Connecting to BPD (even when it’s seriously unpleasant)

Well, I’ve said it before and I’ll say it again: nothing prevents blogging more than actually being happy with one’s life.

Even now I’m cautious to describe myself that way. I mean life isn’t perfect and obviously I’m not jumping-up-and-down full-on happy but I am edging towards a kind of content participation in life… which is a massive change from a year or even 6 months ago.

Which is to say: apologies for the long absence!

One thing I have been struggling with lately, is how to keep my BPD at the forefront of my mind – that is, acknowledged and dealt with – rather than divorcing it from myself completely (suppression) or falling in head first (depression). Once things start to get even a little bit better, I find the freedom from BPD to be an all-too-pleasant experience. I know it’s not really gone – I know it could come back and sometimes it feels frighteningly close. But I now realize that it’s important to actually stay connected to those really miserable parts of myself, even when I’m not necessarily miserable. This is a crucial part of working them into my whole self, my normal life and my improved outlook that involves all parts of myself working together.

So how do you deal with feelings of sadness, depression, grief, rage and fear when you’d be more than happy to just lock them away in the closet like you always did in the past?

Unfortunately, I’m really not sure.

I’m doing the best I can with the following strategies that do seem to help though:

1) Allow and acknowledge as many emotions as you can, without judgment. Notice when you’re sad. Notice when you’re inexplicably angry or frustrated. Notice when you’re depressed. Better yet, say it out loud if at all possible – maybe even to someone else. Part of fighting BPD is avoiding the “bury everything and explode” cycle that dominates the disorder. Acknowledging feelings relieves the pressure and simultaneously shows your BPD parts that you CAN handle emotions in a non-self-harmful way.

2) Keep up with therapy and meds. This is a tough one for me. My every instinct is to toss out the pills and immediately call up my therapist and tell her thanks, I’m cured, no more painful sessions to sit through, hooray! I find myself talking about stupid things that don’t really matter just so we don’t have to delve into something that I know will bring down my mood or even ruin my day. But I know deep down that the treatment is still a work in progress and to stop now would be supremely premature. Particularly with regards to the medication – I flippantly skipped a couple weeks of my Wellbutrin/Abilify combo and suddenly found myself wondering why I felt touchy, weepy, frustrated and generally low. Go figure. Don’t underestimate what chemical assistance is still doing for you.
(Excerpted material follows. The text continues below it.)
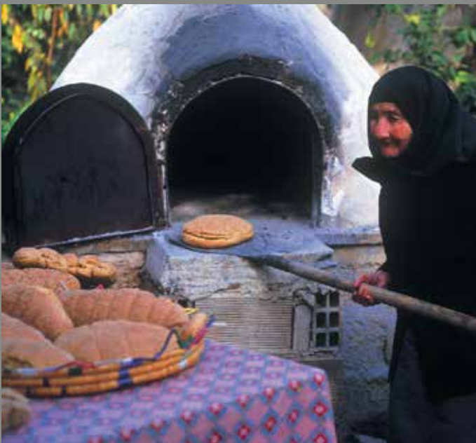
▲ Παραδοσιακό ψήσιμο ψωμιού.

επισκέπτης θα βρει εκατοντάδες καφεinedάκια κάτω από τη σκιά κάποιου πεύκου ή μιας κληματαριάς για ένα καφέ, καθώς και δεκάδες ταβερνάκια να σερβίρουν κάποιο νόστιμο κυπριακό μεζέ.

3) Don’t let the words “I’m okay” or “It’s nothing” or “Everything is fine” come out of your mouth ever again (unless you really mean it). Even for little things. If you’re anything like me, chances are you have rarely, if ever, meant those words in your entire life but you’ve said them a LOT. And guess what? Saying them over and over and over has crushed your soul with your very own hands. I used to tell myself so many things about how the right person would understand, the right person would know I didn’t mean it, the right person would see the real me and how much I was actually hurting. All bullshit. All a waste of time. No – worse than a waste of a time: a recipe for borderline personality disorder. Treating yourself like your opinions and emotions and thoughts should be hidden behind a mask means you’ll never believe that anyone else thinks differently. I realize this one is absolutely terrifying and means exposing your raw emotions to the possibility of rejection. But remember that even if you do encounter some insensitive ass who reacts badly, it doesn’t mean better people aren’t out there and that you will not meet them someday.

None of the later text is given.